◆ DIRECTIONS:
With the pictures left out, return exactly the lines from the one containing "技术层面,第二代刀片电池通过" through the end of the listing below.

◆ AVAILABLE DATA:
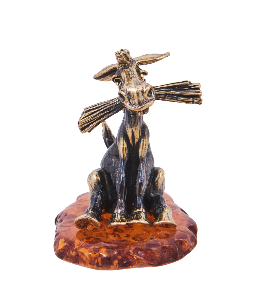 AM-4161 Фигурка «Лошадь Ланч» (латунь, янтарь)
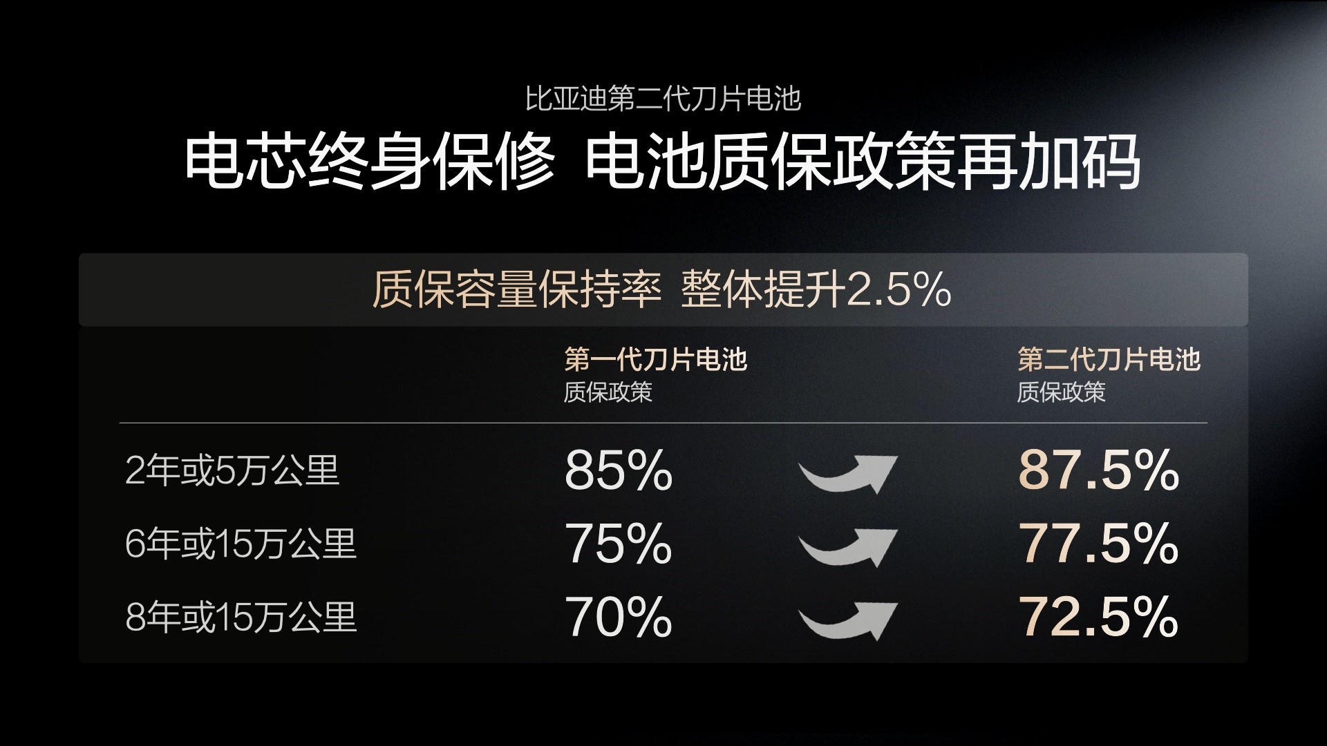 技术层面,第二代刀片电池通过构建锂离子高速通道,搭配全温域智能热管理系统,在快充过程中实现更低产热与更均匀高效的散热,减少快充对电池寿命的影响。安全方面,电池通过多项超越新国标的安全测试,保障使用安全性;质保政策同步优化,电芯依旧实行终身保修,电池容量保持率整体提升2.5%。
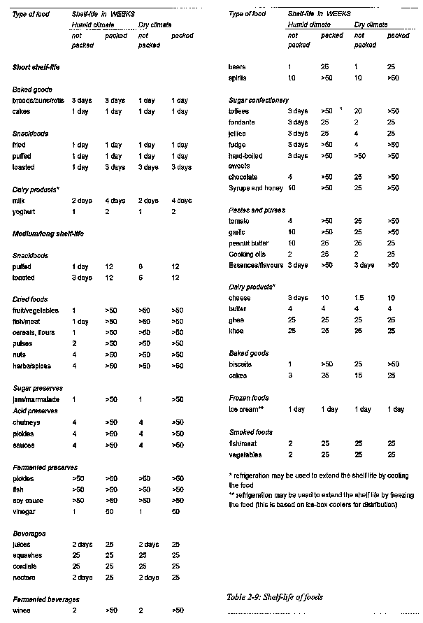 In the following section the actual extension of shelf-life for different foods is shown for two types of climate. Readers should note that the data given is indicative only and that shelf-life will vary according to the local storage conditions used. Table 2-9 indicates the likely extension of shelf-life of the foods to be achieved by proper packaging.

◆ ANSWER BOX:
 技术层面,第二代刀片电池通过构建锂离子高速通道,搭配全温域智能热管理系统,在快充过程中实现更低产热与更均匀高效的散热,减少快充对电池寿命的影响。安全方面,电池通过多项超越新国标的安全测试,保障使用安全性;质保政策同步优化,电芯依旧实行终身保修,电池容量保持率整体提升2.5%。
 In the following section the actual extension of shelf-life for different foods is shown for two types of climate. Readers should note that the data given is indicative only and that shelf-life will vary according to the local storage conditions used. Table 2-9 indicates the likely extension of shelf-life of the foods to be achieved by proper packaging.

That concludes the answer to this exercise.